Yo no tendría que haber salido esa noche, le había dicho a ella que nos quedáramos porque estaba cansado y un poco dolorido. Pero ella quería salir, el día anterior había sido su cumpleaños y yo no estuve porque me había ido a pelear a un pueblo cerca de Río Cuarto que ni me acuerdo cómo se llama. Yo que fui campeón argentino, que peleé con Martillo Roldán en el Luna Park, ahora me iba a trenzar con un bruto que apenas sabía pararse en el ring. Y para peor en ese pueblo de mala muerte, en un galpón lleno de negros gritones y borrachos y por una bolsa de cuatrocientos pesos, según me había informado mi manager Pacheco. Resulta que cuando estoy en el vestuario viene y me dice que hay doscientos cincuenta en vez de cuatrocientos. Que hay poca gente, me dice, y me pregunta qué voy a hacer.

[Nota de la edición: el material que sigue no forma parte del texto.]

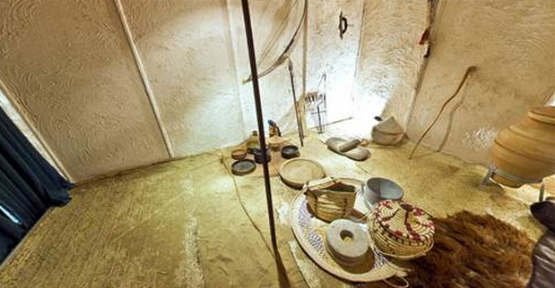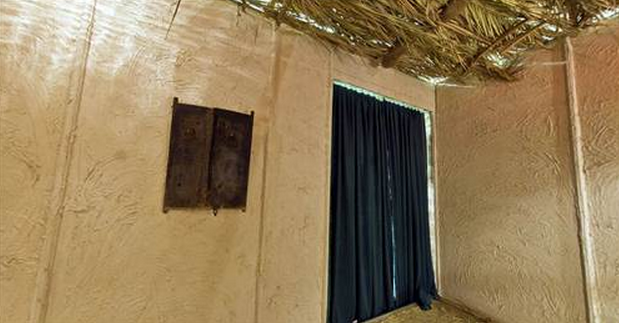 Ev, ağaç dallarından yapılmış hasır çatının altında birkaç kaç mutfak eşyasını içinde barındıran tek göz odadan oluşuyor.
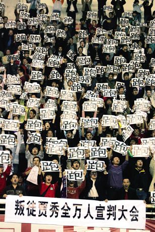 中超賽場(chǎng)上各種狀況層出不窮,在這樣的“亂世”中生存,球迷們?cè)缇蛯W(xué)會(huì)用其他方式自?shī)首詷?lè)了。與其哭天搶地為無(wú)藥可救的中國(guó)足球哀怨,不如挖空心思想一條娛樂(lè)大眾的標(biāo)語(yǔ)吧。從河南主場(chǎng)“專(zhuān)治各種不服”,到“叛徒賈秀全萬(wàn)人宣判大會(huì)”,從“海濱多到唐城賓館”,到“魯治申”,我們看到了一個(gè)日益娛樂(lè)化的中國(guó)足球。

Lo miro con bronca. El me dice que no es su culpa si hace un frío de cagarse y la gente no quiere salir de la casa. Le digo que vamos para adelante, que ya estamos ahí, que peleo. A los cinco minutos vuelve, yo ya estoy vendado y por ponerme los guantes, Pacheco me dice que el otro acusó setenta y ocho quilos. Le digo que por qué no me dijo antes, que me va a destrozar un tipo que pesa casi ocho quilos más que yo. Me dice que sí, que tengo razón, que el otro manager le dio mal el peso, que si no me animo me corta las vendas y nos pegamos la vuelta, le digo que yo no me voy a volver.

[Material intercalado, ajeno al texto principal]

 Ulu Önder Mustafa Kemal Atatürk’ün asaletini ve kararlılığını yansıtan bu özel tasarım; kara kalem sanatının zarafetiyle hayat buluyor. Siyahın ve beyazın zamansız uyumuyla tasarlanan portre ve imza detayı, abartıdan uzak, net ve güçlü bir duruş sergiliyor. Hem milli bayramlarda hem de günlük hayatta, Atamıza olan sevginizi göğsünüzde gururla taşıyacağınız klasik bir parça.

Si me hubiera agarrado de lleno con alguno de esos viandazos me tumba, pero no. Me pega entre los dos antebrazos, yo me agacho y pongo la guardia sobre la cara, sobre la cabeza casi, y él me pega ahí desde arriba. Pum pum, dos y va para atrás, pum pum, otra vez, siempre sobre la guardia, sobre los guantes que resuenan en el galpón semi vacío. Me separa loe brazos cuando me pega, me hace ir para atrás pero no me toca la cara. No se cansa nunca, pega y pega, yo me defiendo y cada tanto le tiro algún golpe. Pero el otro además de más pesado es bastante más alto y mis brazos nunca le llegan a la cara. Al final se la dan a él por tres puntos, no me agarró nunca de lleno pero algunas manos me puso, sobre todo una que me alcanzó en el ojo. Decí que fue con la zurda, si no me duerme, seguro.

Al final la saqué barata después de todo. Me volví con unos pesos que repartí con mi manager Pacheco. Al otro día amanecí con el cuerpo dolorido, además tenía unas pintitas de sangre adentro del ojo, un derrame; el párpado se me fue ennegreciendo a lo largo del día como si la vergüenza de haber perdido fuera madurando y pudriéndose en la cara. Yo no quería mostrarme con el ojo en compota, pero Daniela insistía y tuve que salir. Creo que fue culpa de ese ojo que pasó lo que pasó.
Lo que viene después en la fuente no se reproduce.